- INSTRUCTIONS FOR THE TASK -
Output only the lines from the line holding "material: coloured MDF, linseed" through the close of the records, exactly as they appear, with all pictures omitted.

***** SUPPLIED MATERIAL *****

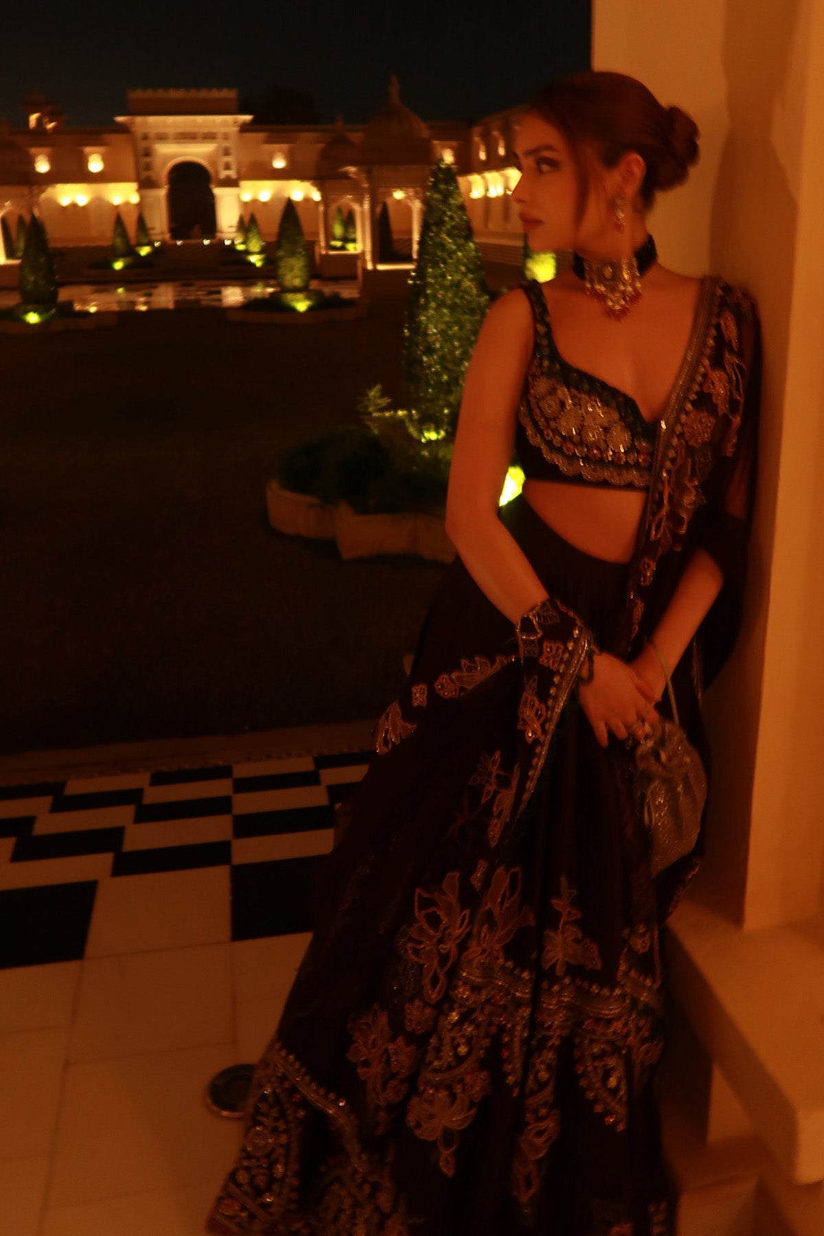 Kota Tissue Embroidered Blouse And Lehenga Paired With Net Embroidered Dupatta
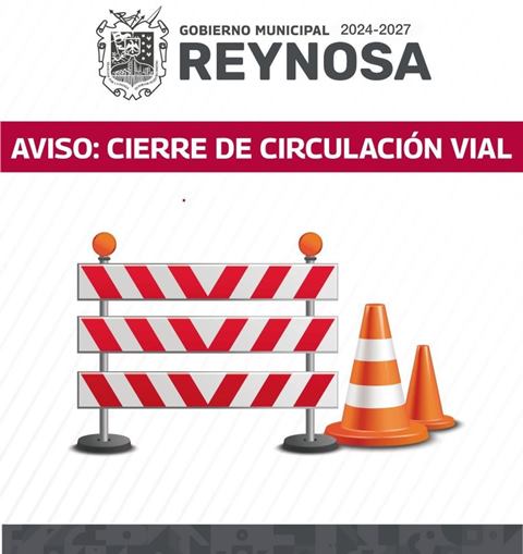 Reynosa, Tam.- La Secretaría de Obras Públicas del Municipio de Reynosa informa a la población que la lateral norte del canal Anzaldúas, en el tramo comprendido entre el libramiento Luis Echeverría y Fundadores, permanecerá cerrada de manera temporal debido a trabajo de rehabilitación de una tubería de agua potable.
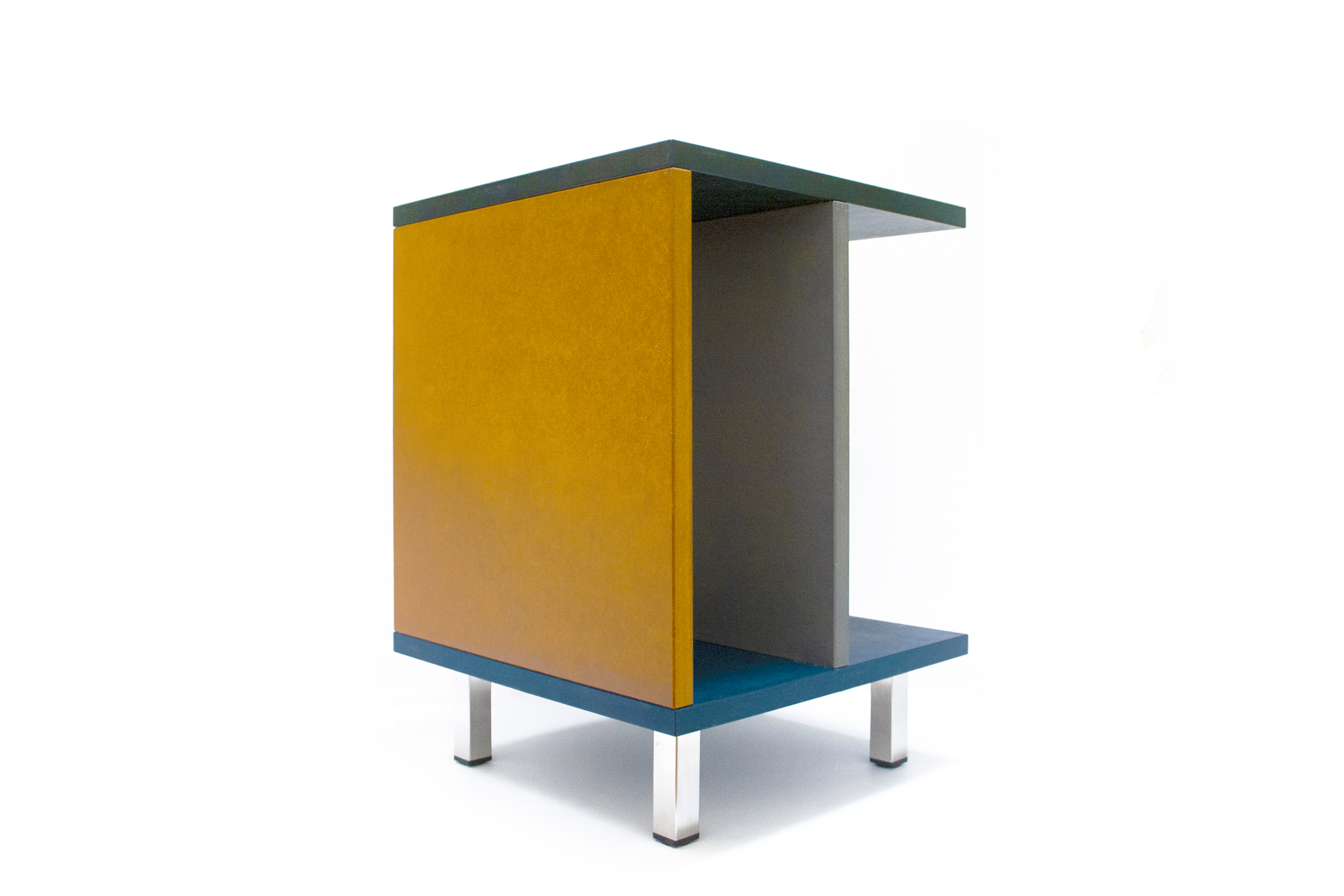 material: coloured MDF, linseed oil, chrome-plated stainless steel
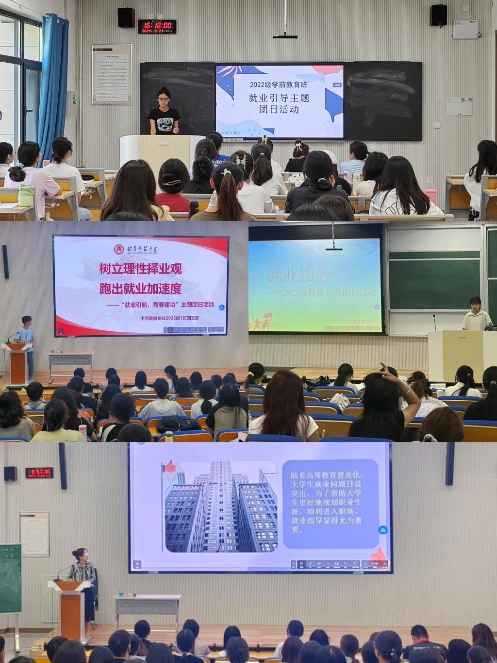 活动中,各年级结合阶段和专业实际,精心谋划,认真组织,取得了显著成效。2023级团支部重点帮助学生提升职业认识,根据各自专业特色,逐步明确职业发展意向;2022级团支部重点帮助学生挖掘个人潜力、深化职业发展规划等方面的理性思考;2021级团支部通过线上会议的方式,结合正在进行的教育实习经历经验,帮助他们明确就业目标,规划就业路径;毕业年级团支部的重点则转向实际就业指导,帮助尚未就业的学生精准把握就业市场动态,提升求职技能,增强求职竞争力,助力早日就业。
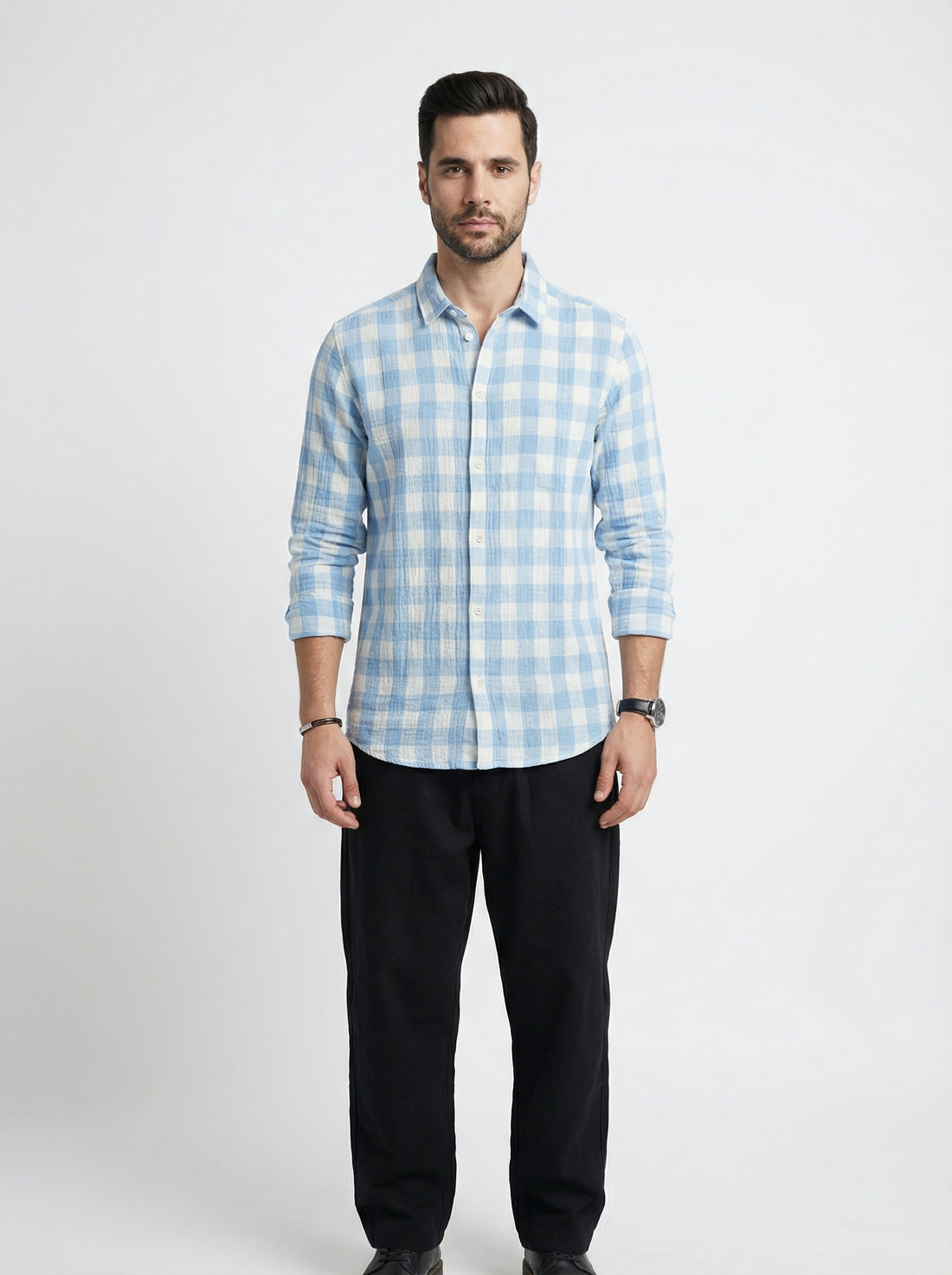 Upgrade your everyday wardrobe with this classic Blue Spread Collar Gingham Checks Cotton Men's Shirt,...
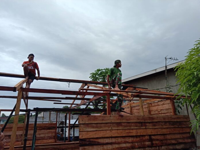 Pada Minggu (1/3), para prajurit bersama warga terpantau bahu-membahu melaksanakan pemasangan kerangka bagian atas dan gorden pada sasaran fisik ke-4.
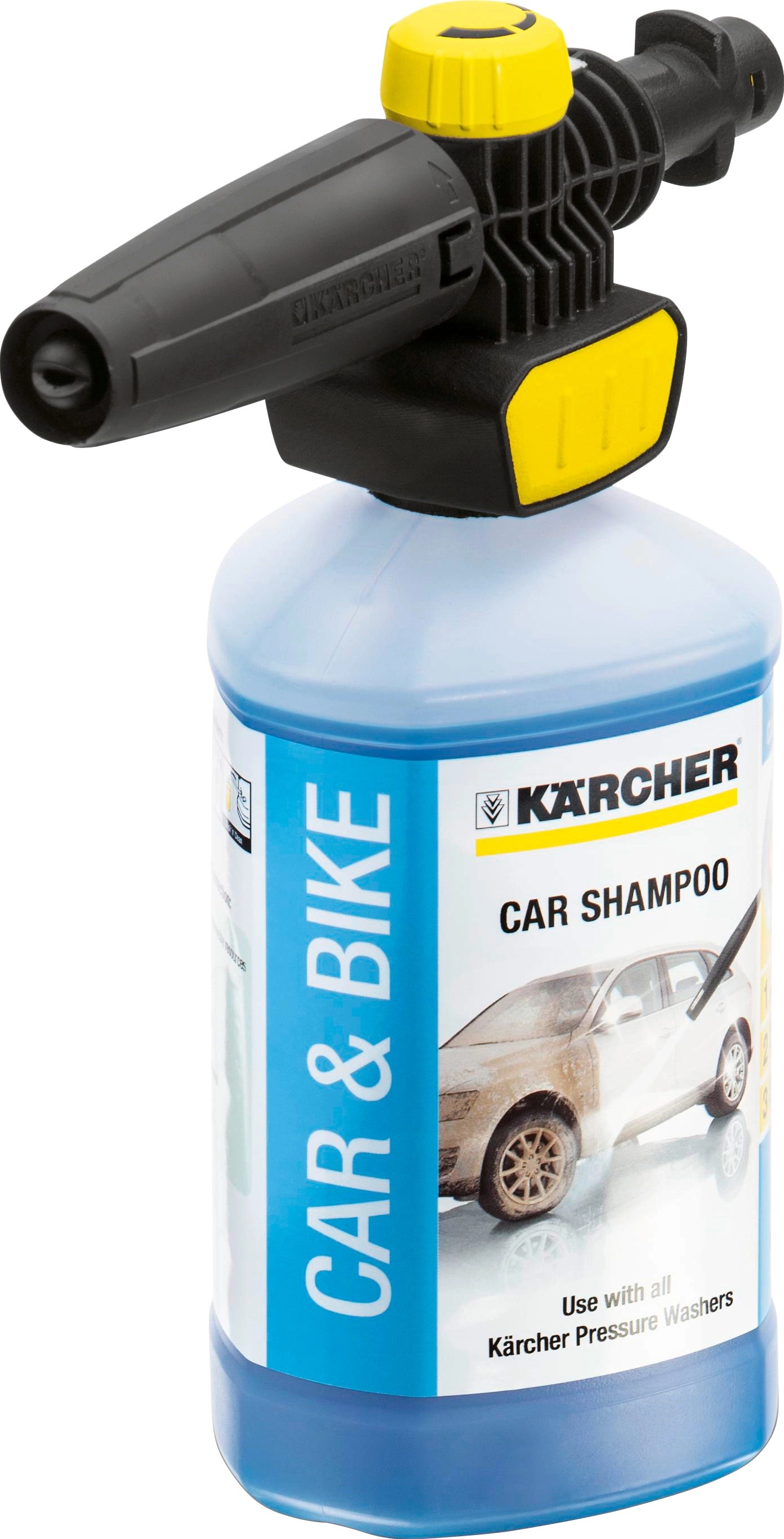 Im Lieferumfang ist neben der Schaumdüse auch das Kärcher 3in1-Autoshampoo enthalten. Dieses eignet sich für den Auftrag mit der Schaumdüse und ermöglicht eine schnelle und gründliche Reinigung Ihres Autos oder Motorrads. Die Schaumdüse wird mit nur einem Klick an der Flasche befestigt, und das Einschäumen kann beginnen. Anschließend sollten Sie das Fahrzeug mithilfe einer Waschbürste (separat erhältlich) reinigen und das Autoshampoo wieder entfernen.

*****

- ANSWER FOR THE TASK -
 material: coloured MDF, linseed oil, chrome-plated stainless steel
 活动中,各年级结合阶段和专业实际,精心谋划,认真组织,取得了显著成效。2023级团支部重点帮助学生提升职业认识,根据各自专业特色,逐步明确职业发展意向;2022级团支部重点帮助学生挖掘个人潜力、深化职业发展规划等方面的理性思考;2021级团支部通过线上会议的方式,结合正在进行的教育实习经历经验,帮助他们明确就业目标,规划就业路径;毕业年级团支部的重点则转向实际就业指导,帮助尚未就业的学生精准把握就业市场动态,提升求职技能,增强求职竞争力,助力早日就业。
 Upgrade your everyday wardrobe with this classic Blue Spread Collar Gingham Checks Cotton Men's Shirt,...
 Pada Minggu (1/3), para prajurit bersama warga terpantau bahu-membahu melaksanakan pemasangan kerangka bagian atas dan gorden pada sasaran fisik ke-4.
 Im Lieferumfang ist neben der Schaumdüse auch das Kärcher 3in1-Autoshampoo enthalten. Dieses eignet sich für den Auftrag mit der Schaumdüse und ermöglicht eine schnelle und gründliche Reinigung Ihres Autos oder Motorrads. Die Schaumdüse wird mit nur einem Klick an der Flasche befestigt, und das Einschäumen kann beginnen. Anschließend sollten Sie das Fahrzeug mithilfe einer Waschbürste (separat erhältlich) reinigen und das Autoshampoo wieder entfernen.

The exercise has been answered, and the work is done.